Saturday, June 1, 2013

Discombobulated...

Lately I have felt how I look in this picture...nutty! 
Discombobulated is the actual word that comes to mind. 
I guess I thought it would be easy to pick up, quit my job, leave my friends and everything familiar about my life, move across the country and become a stay at home mom with a new role in a new place....during my first trimester of pregnancy :) HA! 
Easy? No. 
Fun? Yes. 
Scary, overwhelming, confusing and HARD? Oh yes.  Most definitely.
I underestimated the impact of the change. Yes, it is exciting, adventurous and such a blessing being right where God wants you. But no one said that makes it easier to change everything about your life, leave friends, move farther away from family and start over. And these HORMONES! My goodness, pregnancy hormones are very unforgiving. They can rule my world.

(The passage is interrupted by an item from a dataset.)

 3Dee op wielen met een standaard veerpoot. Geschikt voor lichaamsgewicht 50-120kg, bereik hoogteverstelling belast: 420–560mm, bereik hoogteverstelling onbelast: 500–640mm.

It's been tough but we are settling in more and more on day at a time. 

I also have to say I'm very sorry for judging any of my stay at home mom friends for hiring a house cleaner! Staying at home doesn't mean you have any more minutes in your day and actually you have more to do with less time! It's not like you leave the house in the morning and it is the same way when you return home that afternoon! Nope! My house is a zoo! I'm constantly having to chase my little destructo to keep him from tearing the walls down (see pic below), feed constantly hungry mouths, referee sibling show downs, potty train during the day and not just in the evening and make sure to spend some QT with those little cuties. The toilets and floors will have to wait until they go to college...or until I get a house cleaner :) This is not a job for wimps. Actually, it's my dream job. I have to say, I underestimated the work load, but this job my heart and I feel so blessed. I've been waiting since October 9, 2007 (Ella's birthday) to be able to do this. I thought I'd be better at it from the start! But I'm learning I need to give myself time to adjust and not expect to rock it every day. At least I go to bed at night, even on the hard days, thankful that I get to be the one to do it. 
 
We've been moved in for a while, but we are going through room by room and rearranging/painting and making this house our home. So far we are done with the dining room...
 and living room! I just had to warm up those white walls!

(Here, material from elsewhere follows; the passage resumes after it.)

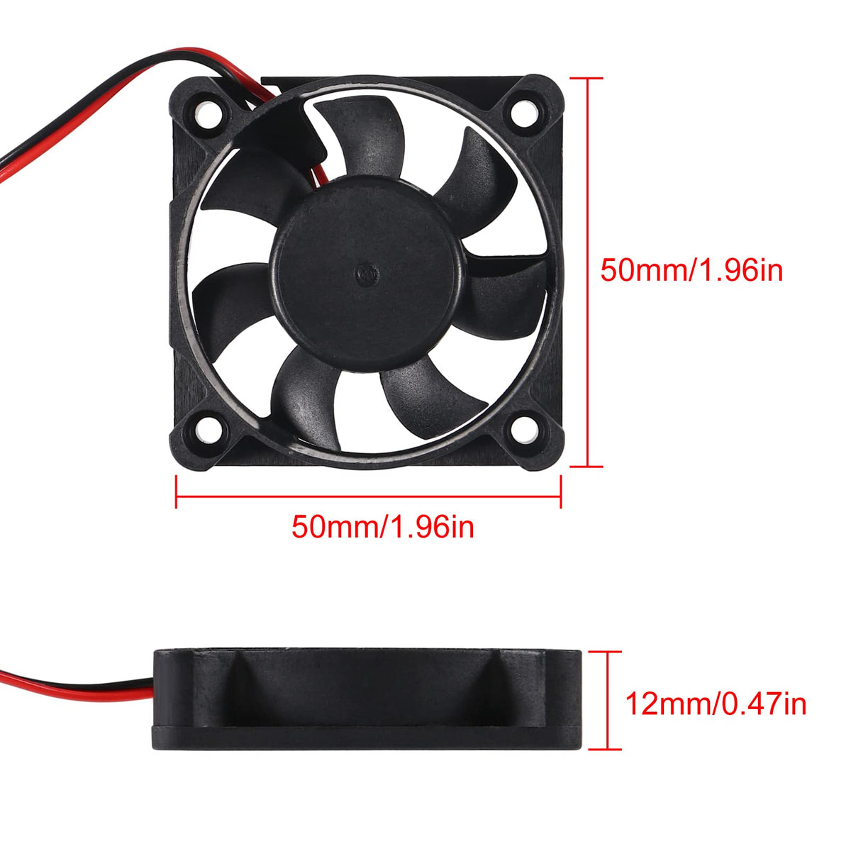 Specifications:Working Voltage: Dc 12Vworking Current: 0.1Aair Flow: 9.95Cfmspeed: 300010% Rpmnoise: 28.5Dbafan Size: 50 X 50 X 12Mm/1.97 X 1.97 X 0.47Inch(L*W*T) Package Include:4Pcs 50X50X10Mm Cooling Fans
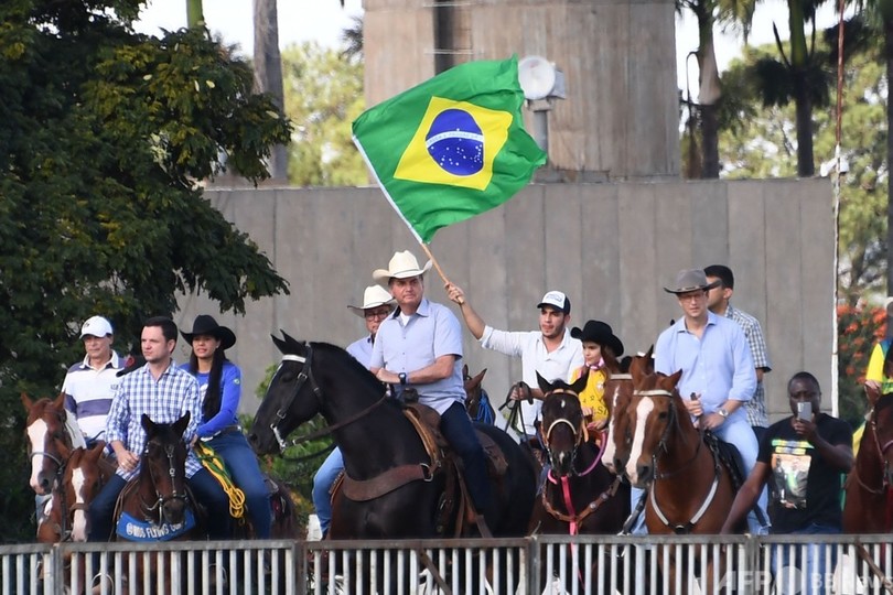 【5月16日 AFP】新型コロナウイルス対策で厳しい批判にさらされ、支持率が低下しているブラジルのジャイル・ボルソナロ(Jair Bolsonaro)大統領が15日、新型コロナ対策の中止を訴えるデモに参加した。ボルソナロ氏は会場上空を飛ぶヘリコプターから手を振り、馬に乗って登場。首都ブラジリアの官庁街(Esplanade of Ministries)に集まった数万人の聴衆を沸かせた。

Mike has been good about pulling me out and going along side me during the days. We are figuring this out together! We got to go out on a date and it was so nice. We splurged on the Metropolitan downtown. We drove but learned that we need to figure out the public transportation system around here! 20 minutes to get 4 blocks was a killer for this hungry mama!
We got to talk about dreams, plans and the NEW BABY! 
I made a happy plate! I asked the waiter after I finished the entire steak how many ounces it was and immediately regretted asking once I received the answer. I knew it was big but didn't pay attention to the size. Well, it was 16 ounces. Oops! I had nothing to lose a that point so I ordered the creme brulee
:)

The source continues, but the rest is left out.